***** RAW DATA

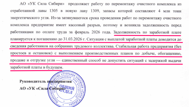 Работники АО УК "Сила Сибири" в Полысаево с февраля сталкиваются с задержками зарплат. Февральский аванс, который должен был поступить 28 февраля, шахтёры получили только 4 марта. Зарплата за февраль, которую ожидали с 13 марта, до сих пор не перечислена.
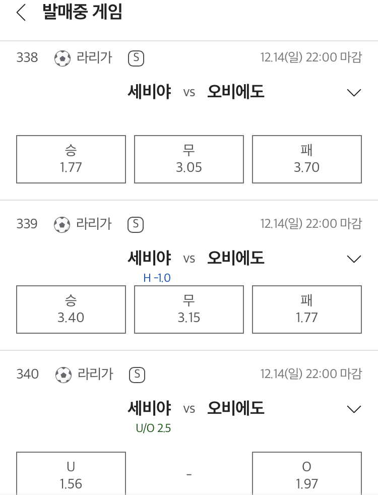 승/무/패 기준에서는 세비야 승이 기본값입니다.
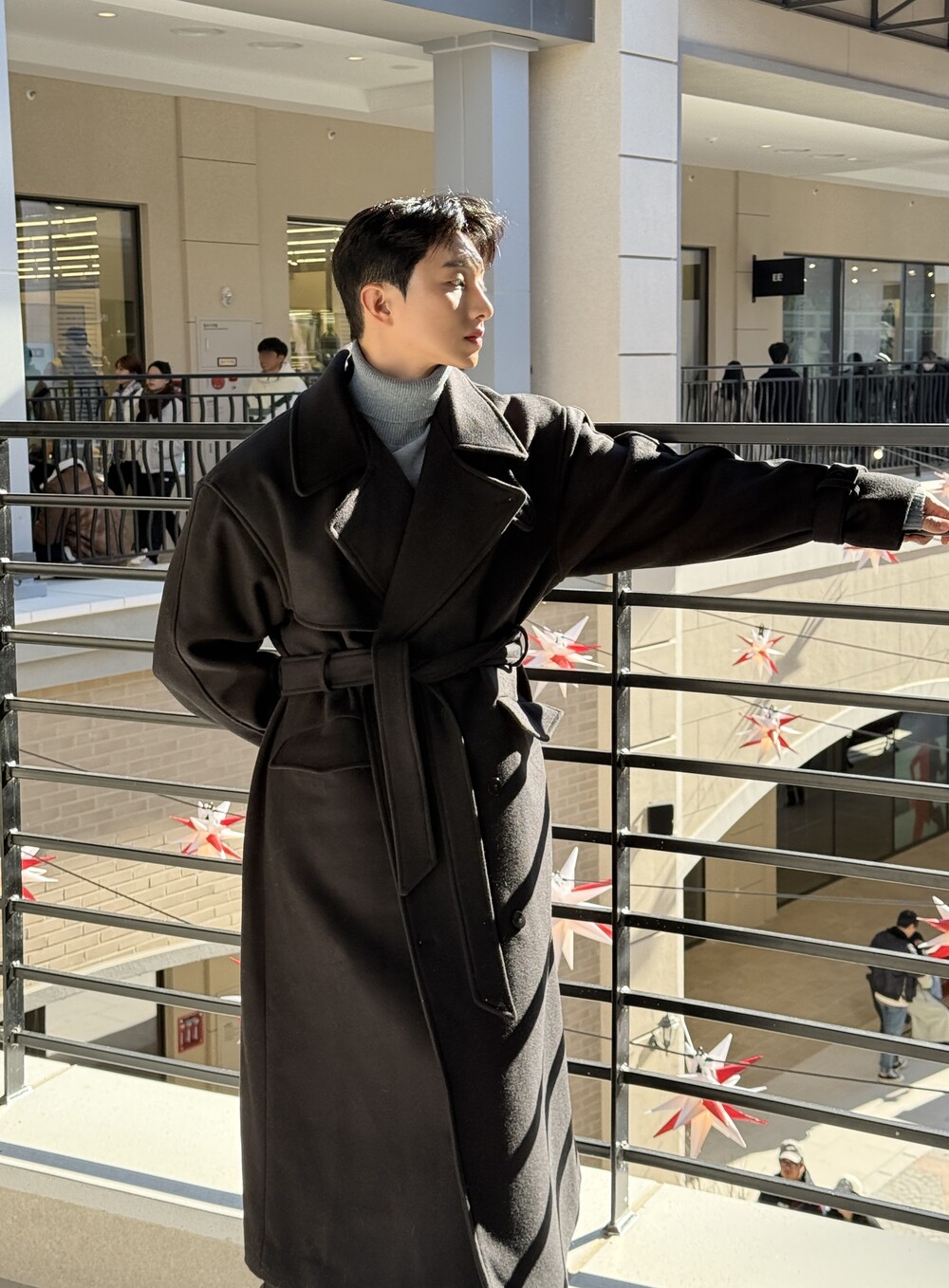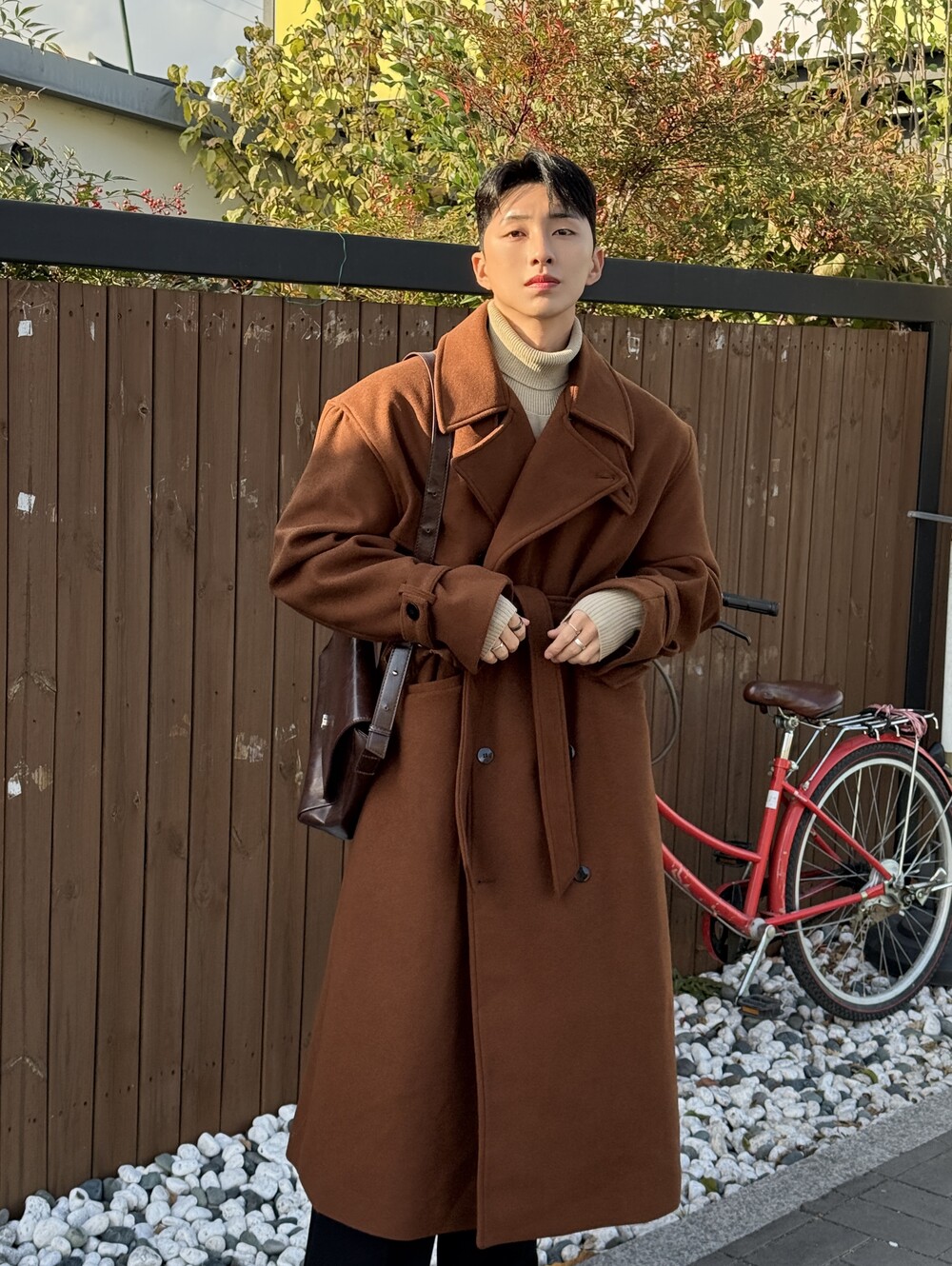 -트렌치 코트 디자인으로 넓은 어깨 핏 강조

**********

• TASK STATEMENT:
Set the listing down exactly, without its pictures.

• WRITTEN RESPONSE:
 Работники АО УК "Сила Сибири" в Полысаево с февраля сталкиваются с задержками зарплат. Февральский аванс, который должен был поступить 28 февраля, шахтёры получили только 4 марта. Зарплата за февраль, которую ожидали с 13 марта, до сих пор не перечислена.
 승/무/패 기준에서는 세비야 승이 기본값입니다.
 -트렌치 코트 디자인으로 넓은 어깨 핏 강조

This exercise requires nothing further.